Convolutional Neural Networks

The basic structure of CNN is shown in Figure 1, which consists of an input layer, multiple convolution layers, several pooling layers (or called as down-sampling layers), one to three fully connected layers, and a classification layer, and each layer consists of a lot of independent neurons.

FIGURE 1

Figure 1. Basic architecture of convolutional neural networks (CNN).

LeNet5 is one of the simple lightweight CNN models (Zhang et al., 2020). It contains two convolution layers, two max-pooling layers, two fully connected layers, and one ReLU layer and one Softmax layer. The main processes of LeNet5 are described as follows:

Convolution

The convolutional layer is used to extract feature maps from the input images, the input of the first convolutional layer is the original images, and the input of the subsequent convolutional layer is derived from the pooling layer or the last convolutional layer. The output x^l of the l-th layer in CNN is calculated as follows,

\begin{array}{l} x^{l} = f (x^{l - 1} \otimes W^{l} + b^{l}) & (1) \end{array}

where $x^{l - 1}$ is output in (l-1)-th and t $W^{l}$ is weigh, $f (\cdot)$ is an activation function, $\otimes$ is convolutional operation, and $b^{l}$ is an additive bias in the convolution layer, in default $f (x) = 1 / [1 + \exp (- x)]$ .

Pooling

Pooling layers often follow convolution layers for down-sampling so as to reduce the computational cost. There are two pooling operators, i.e., average and maximum pooling.

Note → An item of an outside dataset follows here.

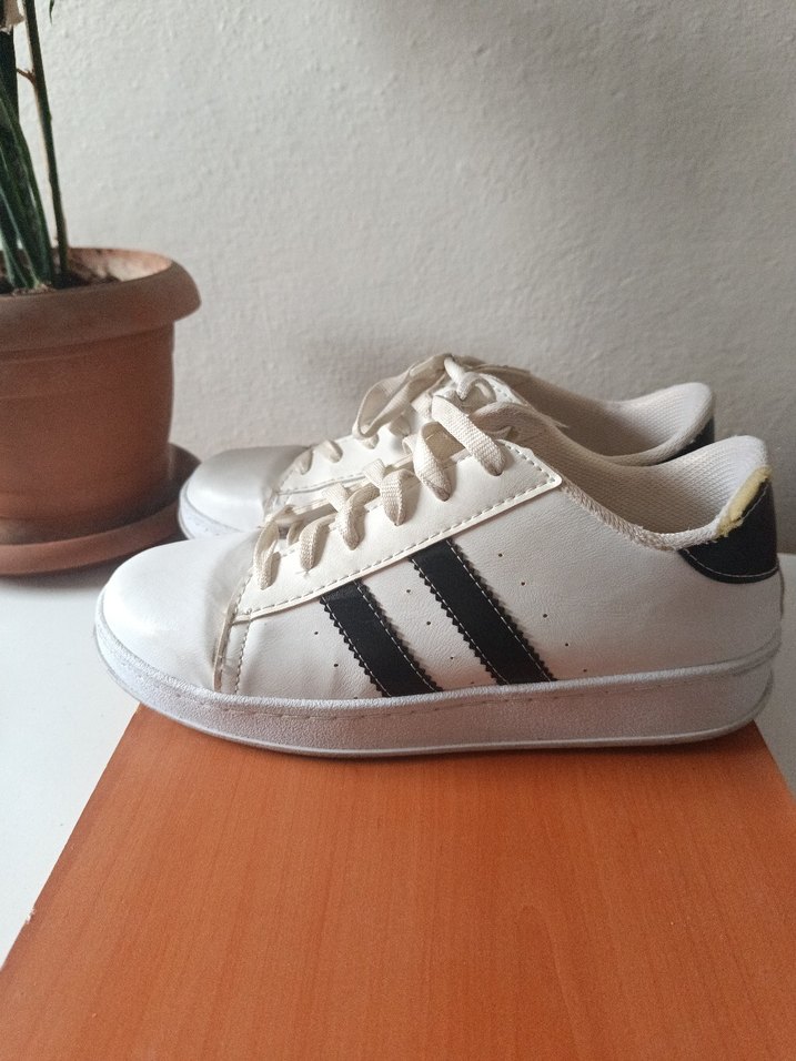 Beyaz kadın spor ayakkabısı, siyah çizgilerle, düz kauçuk taban ve bağcıklı tasarıma sahip. Günlük rahat kullanım için uygundur.

An average (maximum) pooling layer performs down-sampling by dividing the input into rectangular pooling regions and computing the average (maximum) values of each region. A pooling layer takes an $h \times w \times n$ input and performs the average (maximum) pooling operation with a small pooling size m × m to produce the so-called pooled maps a $\frac{h}{m} \times \frac{w}{m} \times n$ sub-sampled output. Pooling operation can reduce the computing time of next layers, make the network less prone to overfitting, and extract the invariance features to translation. Suppose there are N input maps to a pooling layer, there will be exactly N output maps, while the size of the output maps will be smaller. The output of the l-th pooling layer can be represented as,

\begin{array}{l} x^{l} = f (down (x^{l - 1}) + b^{l}) & (2) \end{array}

where $x^{l - 1}$ is the input of the l-th layer, $down (\cdot)$ is a sub-sampling function to shrink a feature map by using a pooling operation, and $b^{l}$ is a bias of the l-th pooling layer.

Dropout

Dropout is a simple and powerful regularization method for CNN to reduce the risk of overfitting by deactivating some randomly selected neurons with a certain probability during the training phase, and forcing the rest neurons to make up for the dropped out neurons, which can make the model more generalized, because it will not rely too much on some local characteristics.

Training

Training CNN is divided into two stages to select a set of hyper-parameters: forward and backward propagation. In the forward propagation phase, CNN extracts a sample named X, and the label is $Y_{m}$ from the sample set, and inputting it into networks. The information is transferred from the input layer to the feature output layer through a stepwise transformation, and the corresponding actual output $O_{m}$ is calculated as follows:

\begin{array}{l} O_{m} = f_{n} (\dots (f_{2} (f_{1} (X W_{1}) W_{2}) \dots) W_{n}) & (3) \end{array}

where f ( ) is an activation function and $W_{i} (i = 1, 2, \dots, n)$ is a trained mapping weight matrix.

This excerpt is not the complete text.